Robert Beech left a Stoke-on-Trent comprehensive aged sixteen armed with three GCSEs. Following an extended period in unskilled work, he entered higher education as a mature student and he now holds a BA in Modern Languages and History of Art (1:1), an MA in Humanities and Art History (Distinction), both University of Leicester, and a PhD in architectural history (University of Birmingham).
His MA included a 30,000 word dissertation on the mid twentieth-century British architectural phenomenon Brutalism.

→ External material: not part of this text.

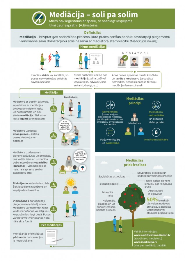"Mediācija ir Tava iespēja risināt domstarpības atbildīgi un cieņpilni."
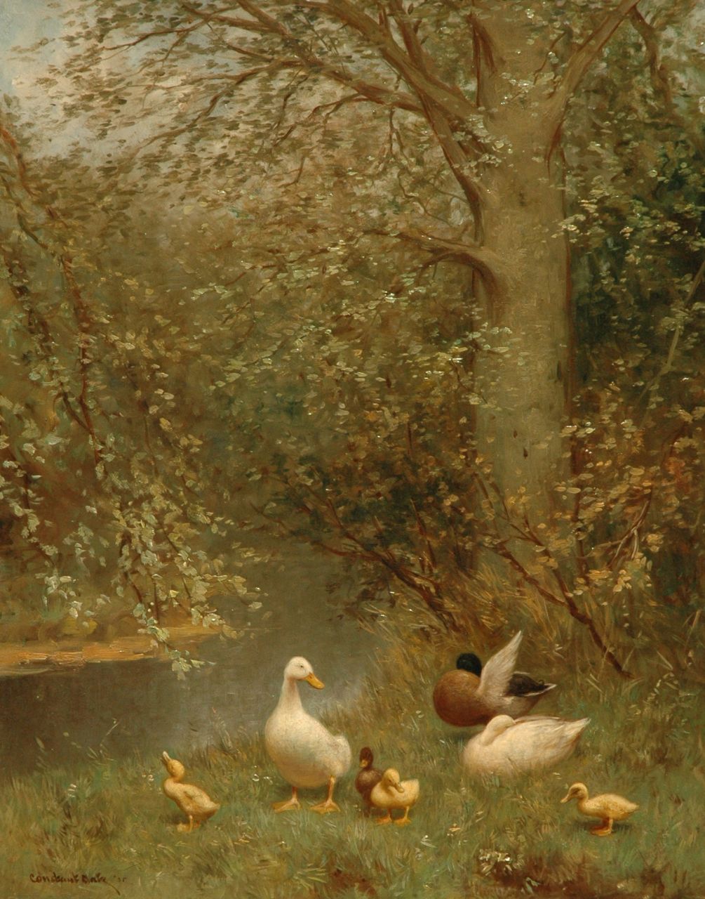 Constant Artz kunstwerk • schilderij • voorheen te koop Eenden onder een beuk aan de waterkant

A lifelong woodworker, Robert has supplemented his income over the years with occasional cabinet-making commissions. During 2009-10 he completed courses in historic timber-framing techniques at The Weald & Downland Museum, Sussex, and The Orchard Barn project in Suffolk, working also at Orchard Barn as a volunteer.
In late 2010 he found employment as a trainee traditional carpenter and spent a year in the craft. He may still be carpentering now were it not for a then recession in the construction industry.
In 2011, he decided to combine his academic and artisanal interests and began researching a PhD with the University of Birmingham. The resulting thesis, The Hammer-Beam Roof: Tradition, Innovation and the Carpenter's Art in Late Medieval England, was a study of the techniques and art of the medieval carpenter and their ultimate expression: the hammer-beam roof.
The thesis is available here, but sadly without illustrations so it may be difficult to follow.
One of the most exciting features of the PhD was a 1:4 reconstruction of one of the Westminster Hall hammer-beam brackets. For decades the structural function of the famous roof has ignited scholarly disputes. So, with traditional carpenter Chris Dalton, he carpentered this crucial and unique framing in an attempt to get into the mind of the Richard II's carpenter Hugh Herland, and discover how he intended the structure to function. The results were published in ‘The Hammer-beam Roof of Westminster Hall and the Structural Rationale of Hugh Herland’, Architectural History, Vol. 59 (2016), pp. 25-61.
You'll notice a slight bias towards hammer-beam roofs on this website.
Robert Beech is now an author.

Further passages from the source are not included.